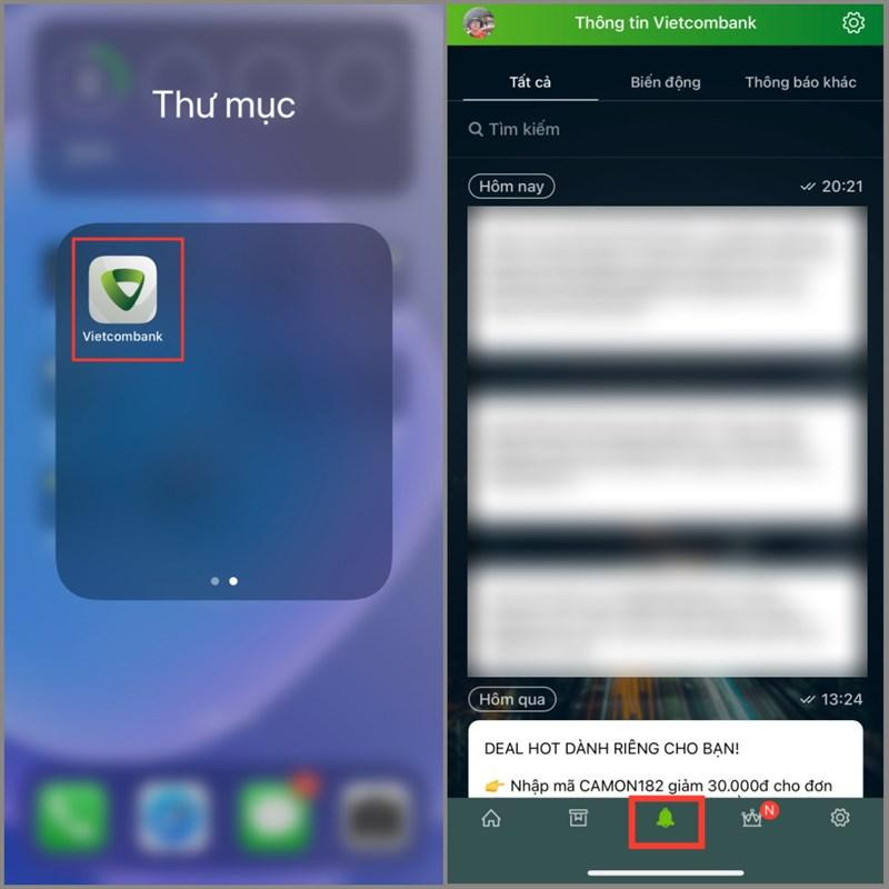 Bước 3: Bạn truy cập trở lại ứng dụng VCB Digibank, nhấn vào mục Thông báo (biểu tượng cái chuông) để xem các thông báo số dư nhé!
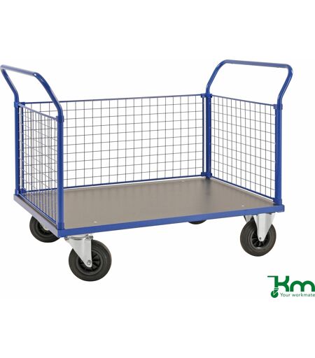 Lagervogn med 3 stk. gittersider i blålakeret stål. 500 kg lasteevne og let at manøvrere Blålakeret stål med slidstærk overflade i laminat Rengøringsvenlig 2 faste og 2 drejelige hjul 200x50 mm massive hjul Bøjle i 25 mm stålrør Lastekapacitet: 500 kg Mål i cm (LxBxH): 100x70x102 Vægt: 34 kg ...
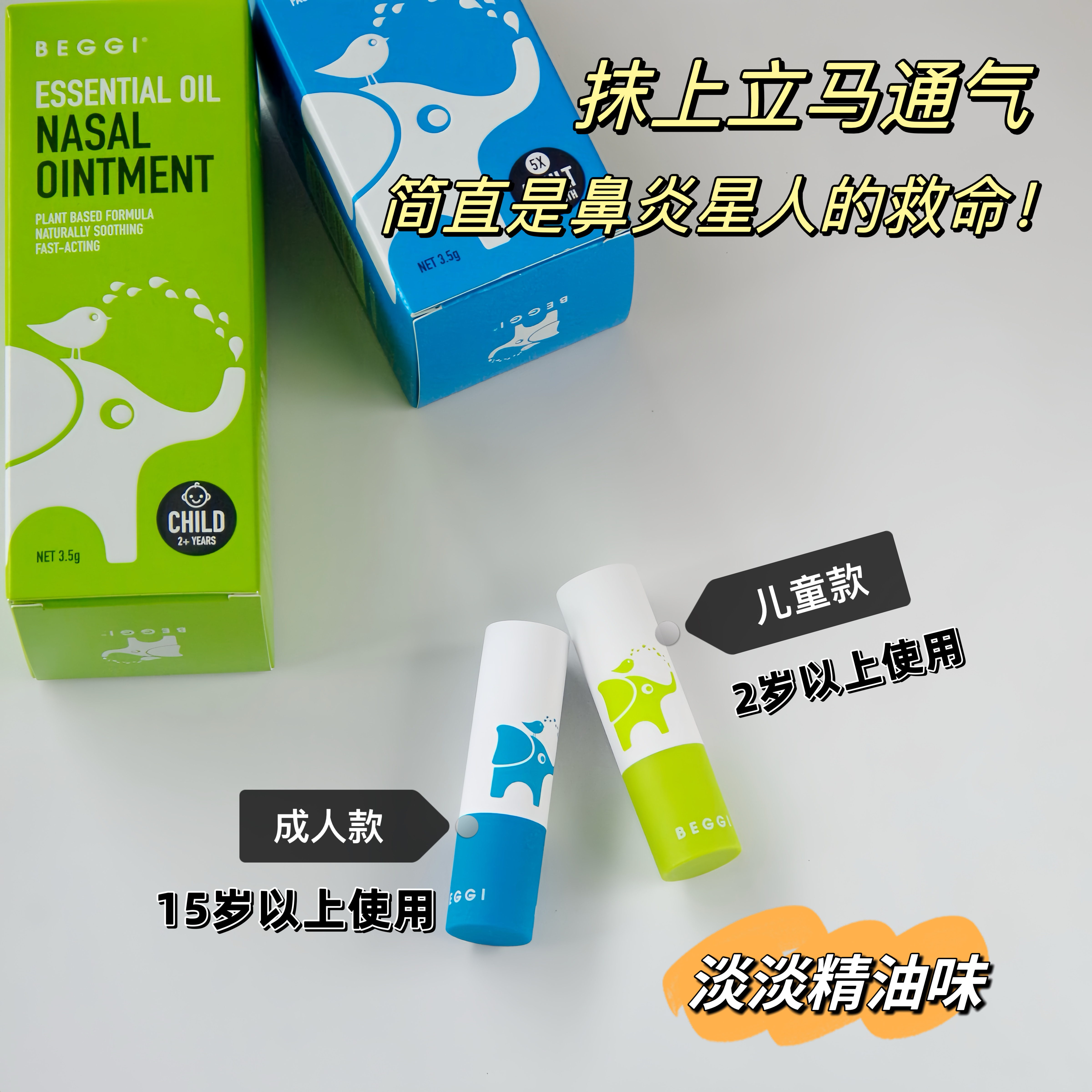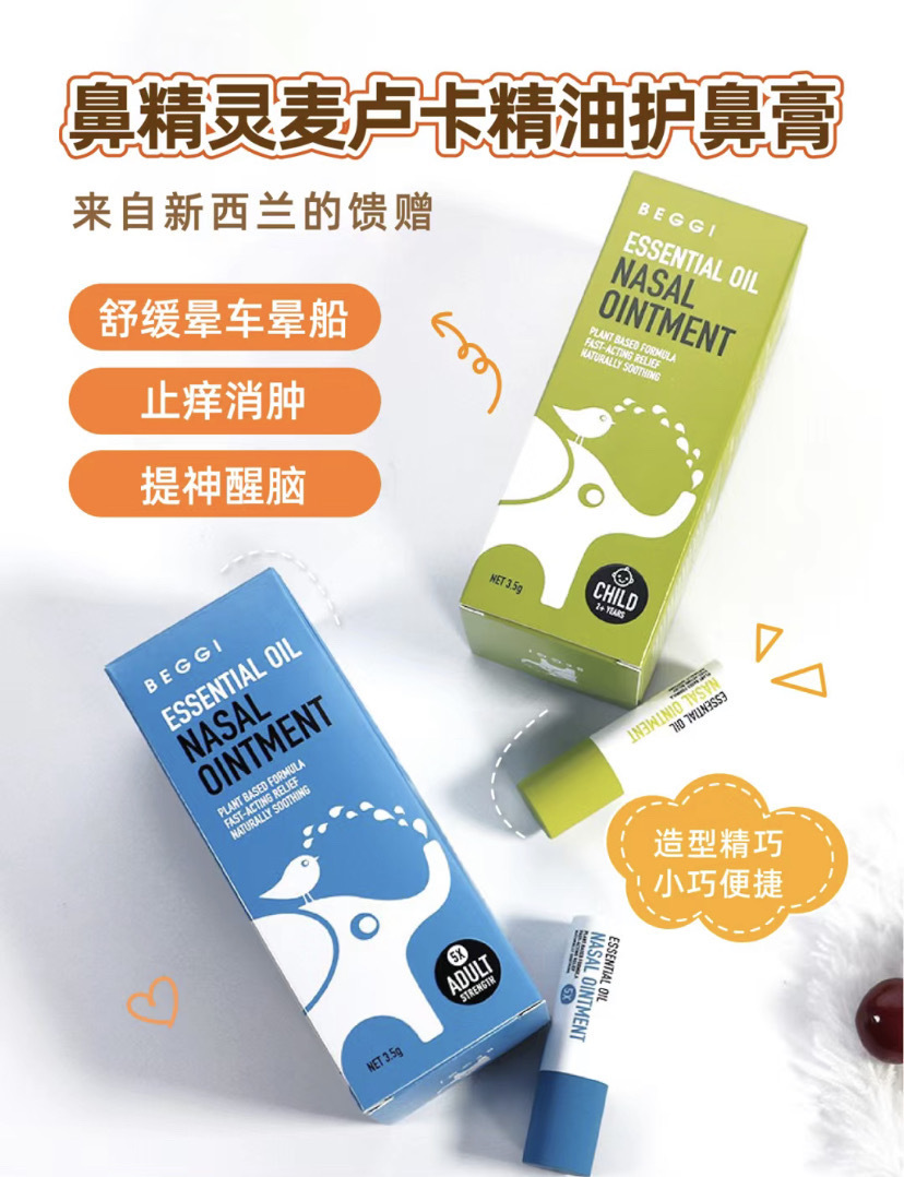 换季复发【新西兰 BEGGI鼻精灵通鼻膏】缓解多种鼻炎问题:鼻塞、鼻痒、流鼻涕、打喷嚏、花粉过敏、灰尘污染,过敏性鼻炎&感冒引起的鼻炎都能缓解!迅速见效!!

* * *

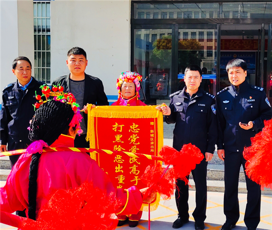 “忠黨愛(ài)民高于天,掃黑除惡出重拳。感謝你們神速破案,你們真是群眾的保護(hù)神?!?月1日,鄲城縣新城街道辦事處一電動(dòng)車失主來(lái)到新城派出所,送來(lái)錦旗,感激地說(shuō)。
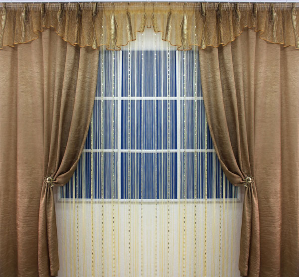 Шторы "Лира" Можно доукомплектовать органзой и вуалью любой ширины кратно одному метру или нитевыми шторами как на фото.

**Prompt**
Once the line with "Bước 3: Bạn" is found in the data above, reproduce it and each line after it exactly, through the line with "换季复发【新西兰 BEGGI". Omit the pictures.

**Exercise answer**
 Bước 3: Bạn truy cập trở lại ứng dụng VCB Digibank, nhấn vào mục Thông báo (biểu tượng cái chuông) để xem các thông báo số dư nhé!
 Lagervogn med 3 stk. gittersider i blålakeret stål. 500 kg lasteevne og let at manøvrere Blålakeret stål med slidstærk overflade i laminat Rengøringsvenlig 2 faste og 2 drejelige hjul 200x50 mm massive hjul Bøjle i 25 mm stålrør Lastekapacitet: 500 kg Mål i cm (LxBxH): 100x70x102 Vægt: 34 kg ...
 换季复发【新西兰 BEGGI鼻精灵通鼻膏】缓解多种鼻炎问题:鼻塞、鼻痒、流鼻涕、打喷嚏、花粉过敏、灰尘污染,过敏性鼻炎&感冒引起的鼻炎都能缓解!迅速见效!!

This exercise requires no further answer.